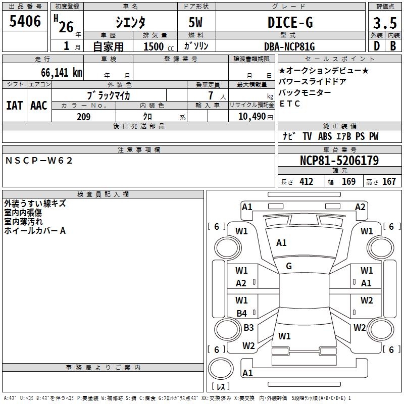 TOYOTA SIENTA DICE-G - лот 5406
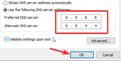 Now, you will see an option to select the option for Use the following DNS server addresses and enter the following for Preferred DNS Server and Alternate DNS Server. These are the numbers you need to put in:
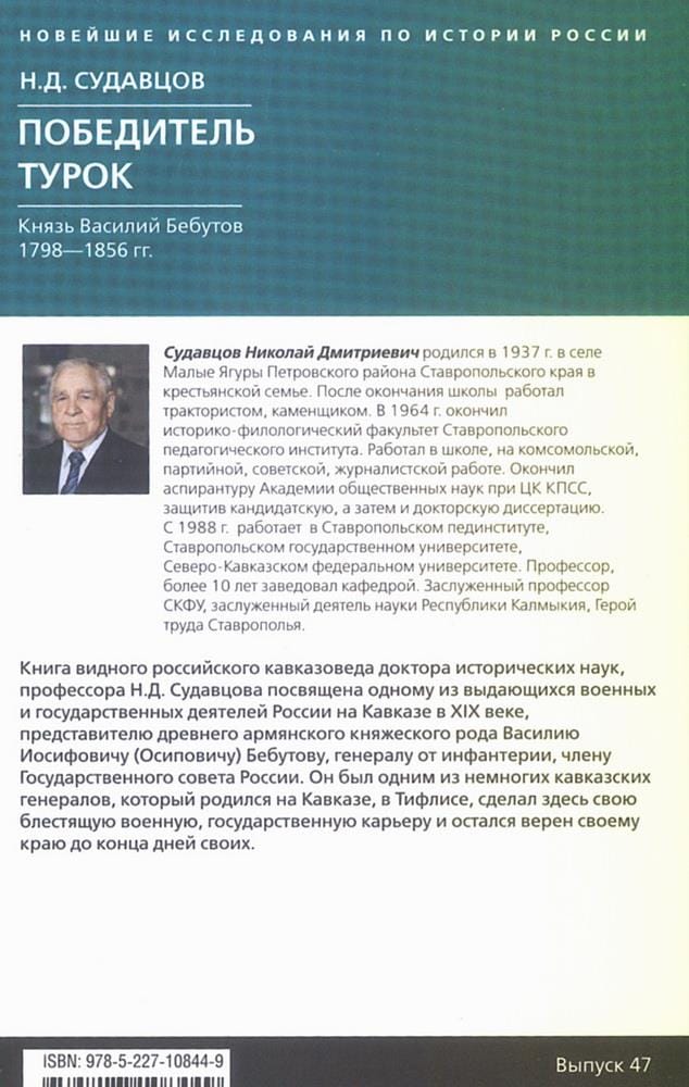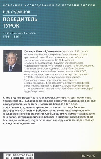 The book of the prominent Russian Caucasian scholar Doctor of Historical Sciences, Professor N.D. Sudavtsov is dedicated to one of the outstanding military and state figures of Russia in the Caucasus in the nineteenth century, a representative of the ancient Armenian princely family Vasily Iosifovich (Osipovich) Bebutov, a general from infantry, a member of the State Council of Russia. He was one of the few Caucasian generals who was born in the Caucasus, in Tiflis, made his brilliant military and state career here and remained faithful to his land until the end of his days.
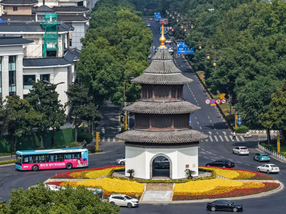 這是10月11日拍攝的江蘇省揚(yáng)州市文昌閣(無(wú)人機(jī)照片)。
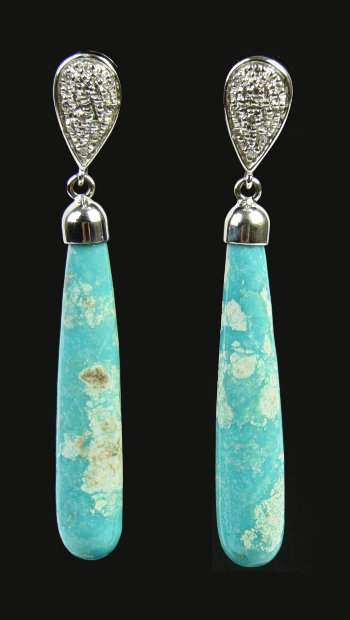 in oro bianco 18kt, con due turchesi persiani a goccia, di 4,90 gr. circa, e pavè di diamanti per 0,20 ct circa.

= = =

EXERCISE: Pictures are not part of the answer. Restate word for word the lines from the one with "Now, you will" through the last line of the records.

SOLUTION TO THE PROBLEM:
 Now, you will see an option to select the option for Use the following DNS server addresses and enter the following for Preferred DNS Server and Alternate DNS Server. These are the numbers you need to put in:
 The book of the prominent Russian Caucasian scholar Doctor of Historical Sciences, Professor N.D. Sudavtsov is dedicated to one of the outstanding military and state figures of Russia in the Caucasus in the nineteenth century, a representative of the ancient Armenian princely family Vasily Iosifovich (Osipovich) Bebutov, a general from infantry, a member of the State Council of Russia. He was one of the few Caucasian generals who was born in the Caucasus, in Tiflis, made his brilliant military and state career here and remained faithful to his land until the end of his days.
 這是10月11日拍攝的江蘇省揚(yáng)州市文昌閣(無(wú)人機(jī)照片)。
 in oro bianco 18kt, con due turchesi persiani a goccia, di 4,90 gr. circa, e pavè di diamanti per 0,20 ct circa.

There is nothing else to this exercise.